Attention Deficit Disorder

An Alternative to Ritalin: Homeopathy as a Highly Effective Treatment for Attention Deficit Disorder

© Judyth Reichenberg-Ullman N.D., M.S.W., DHANP (Excerpted from Ritalin-Free Kids: Safe and Effective Homeopathic Medicine for ADD and Other Behavioral and Learning ProblemsPublished by Prima Publishing)

One Diagnosis or Many?

The epidemic proportions of the ADD diagnosis are gaining widespread attention from parents, educators, physicians, and other healthcare providers. Many people are seriously questioning the possibility of overdiagnosis. This issue was raised in an informative cover article in Newsweek magazine. "ADHD has become America's No. l childhood psychiatric disorder.... Since 1990, Dr. Daniel Safer of Johns Hopkins University School of Medicine calculates, the number of kids taking Ritalin has grown two and a half times. Among today's 38 million children at the ages of five to fourteen, he reports, 1.3 million take it regularly. Sales of the drug last year alone topped $350 million. This is, beyond question, an American phenomenon. The rate of Ritalin use in the United States is at least five times higher than in the rest of the world, according to federal studies."

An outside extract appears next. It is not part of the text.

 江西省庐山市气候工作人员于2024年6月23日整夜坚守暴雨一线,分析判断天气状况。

The article continues, "For all the success they've had in treating ADHD, many doctors are convinced that Ritalin is overprescribed." Dr. Peter S. Jensen, chief of the Child and Adolescent Disorders Research Branch of the National Institutes of Mental Health is quoted: "I fear that ADHD is suffering from the 'disease of the month' syndrome." Dr. Bruce Epstein, a St. Petersburg, Florida, pediatrician, reports that parents of normal children have asked him to prescribe Ritalin just to improve their children's grades. "When I won't give it to them, they switch doctors."

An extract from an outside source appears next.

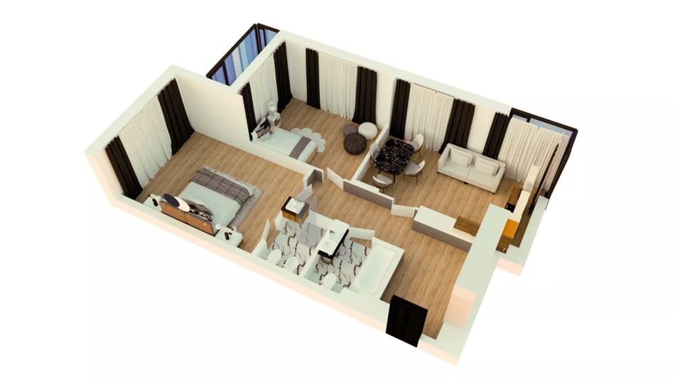 - Включить с стоимость квартиры дизайнерский ремонт и меблировку от магазина Hoff

We applaud Dr. Thomas Armstrong's warning about the current overdiagnosis of ADD in his book The Myth of the ADD Child. We have seen a number of children who were high-spirited, extremely imaginative, and so precocious that their parents were unable to keep up with their ceaseless questions and insatiable intellectual appetites. We have also met children who were overamped, but performed just fine in school. Many of these children have been diagnosed with ADD, even though we feel they fall more into the category of unusual, remarkable, or gifted children. Some youngsters are the victims of rigid, overly strict teachers whose highly structured classroom environments simply do not pace their temperaments and learning styles. Or they have excessively rule-bound parents who do not extend to their children the freedom that they need to thrive and expand their creative talents.

We have also seen a large number of children whose behaviors are very disruptive and disturbing through no fault of teachers. No one can expect a teacher in a classroom of forty active children to cope happily with the statistical average of 10 percent (four children) in her class with ADD. The amount of extra attention, discipline, and time just trying to keep these children and those around them safe is more than many teachers can handle.

Can we, however, lump all of these children together under one diagnostic category? Can a child who lashes out at his family, peers, and teachers in a violent, destructive manner and has no interest in his schoolwork fit into the same diagnostic group as a sweet, gregarious child who simply cannot pay attention in class? Conventional medicine would say that, based on their scores on standardized ADD tests, both children could indeed have ADD. Homeopathy would say that these are two distinct children whose problems and temperaments are as different as night and day. A homeopath would prescribe very different medicines for the two children, rather than giving them both stimulants.